Cinco museos secretos y gratuitos que desconoces, escondidos entre las estaciones de Metro de Madrid
El suburbano madrileño cuenta con espacios de un valor histórico incuestionable diseñados por el famoso arquitecto Antonio Palacios
La Nave de Motores, el vestíbulo de Pacífico, Opera y la estación de Chamberí, se encuentran entre estos lugares que conservan su aspecto habitual
El Metro de Madrid cumple hoy 104 años: la cuarta línea de suburbano con mayor extensión de Europa
MadridLa llegada del metro a la capital de España supuso la transformación radical de la ciudad durante los primeros años del siglo XX. La integración del suburbano madrileño ha seguido influyendo en las estructuras sociales, culturales y económicas de la región a lo largo de los años, hasta hoy.
Uno de los atractivos de este subterráneo son sus museos que sumergen al visitante en la historia de este medio de transporte revolucionario para la ciudad de Madrid.
En este sentido, Metro cuenta con espacios de un valor histórico incuestionable diseñados por el famoso arquitecto Antonio Palacios: la Nave de Motores, el vestíbulo de Pacífico, Opera y la estación de Chamberí, además de la exposición de trenes en la Estación de Chamartín y Los caños de Peral.
Nave de Motores de Pacífico
Construida entre 1922 y 1923 y restaurada en 2008, la Nave de Motores de Pacífico conserva su aspecto original. En esta impresionante nave están ubicados tres enormes motores diésel y el resto de la maquinaria, como alternadores, transformadores, etc., que en su momento sirvieron para generar y transformar la energía con la que funcionaban los trenes.
Durante la Guerra Civil, debido a las restricciones, llegó a proporcionar energía eléctrica a la ciudad a través de la compañía Unión Eléctrica Madrileña. Con el paso del tiempo y a medida que las compañías fueron capaces de asegurar un suministro cada vez más regular, la central, que en su momento fue la de mayor potencia instalada en España, quedó obsoleta y dejó de generar energía en la década de los 50, siendo definitivamente clausurada en 1972.

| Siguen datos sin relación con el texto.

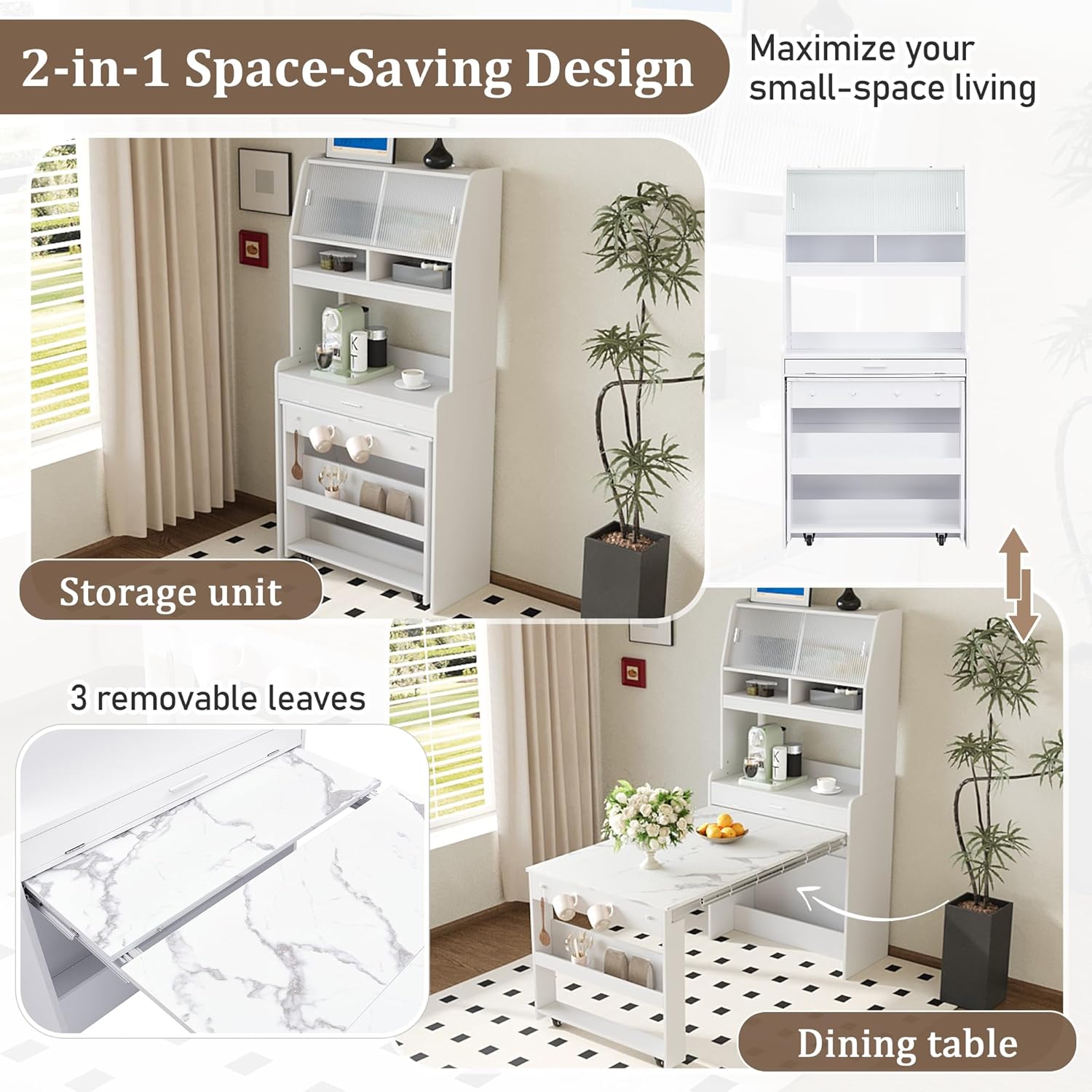 - ✔ Space-Saving Expandable Table: Extend the wheeled table from 0 to 50.4”L using removable leaves. When not in use, slide it under the buffet to save space. The counter-height workstation doubles as a coffee bar, office desk, or prep area, with a side shelf + 4 hooks for essentials.
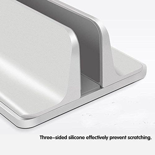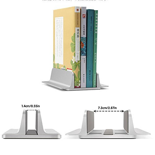 -. Feature : Premium Material:High quality anodized Aluminum material makes it sturdy and durable,The Electroplating Sandblasting silver surface matches your Macbook perfectly. / Save your desk space: Vertical notebook stand save your desk space,Avoid water splashing your laptop. / Three side silicon mate,protect your note book, and avoid from the surface scratch risk.non-slip rubber mat on the bottom ensure stable placement. / Adjustable width:with 4 sliding tracks,you can easy to adjust width to meet different computers' thickness,adjustable size is creatively designed varying from 0.55 to 2.87 inch.it can also be used as a bookshelves. / Fits iPad Pro / MacBook Air / MacBook Pro / Surface Pro and other Laptop Notebook, but not compatible with 17inch laptop or other bigger dimension computer.
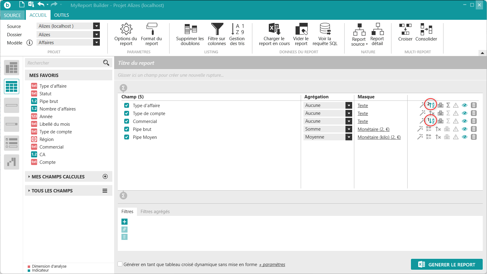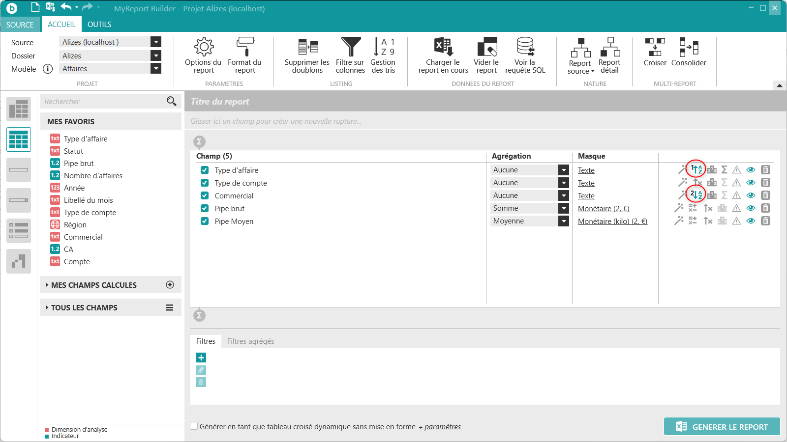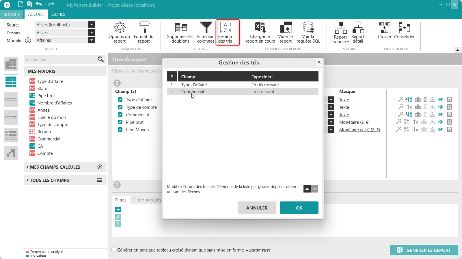 Réaffichez MyReport Builder, nous allons maintenant trier par « Commercial » croissant (tri de A à Z), et par « Type d'affaire » décroissant (tri de Z à A).

El edificio destaca por la claridad de su concepción, la atención al detalle y la buena ejecución que caracterizan todo el trabajo de uno de los grandes artífices de la imagen de la ciudad de la primera mitad del siglo XX, Antonio Palacios. Las obras de mantenimiento y conservación que se han acometido, según proyecto del arquitecto Carlos Puente, han devuelto a la nave su aspecto original, tanto exterior como interior, y han ido acompañadas de la limpieza y restauración de la maquinaria.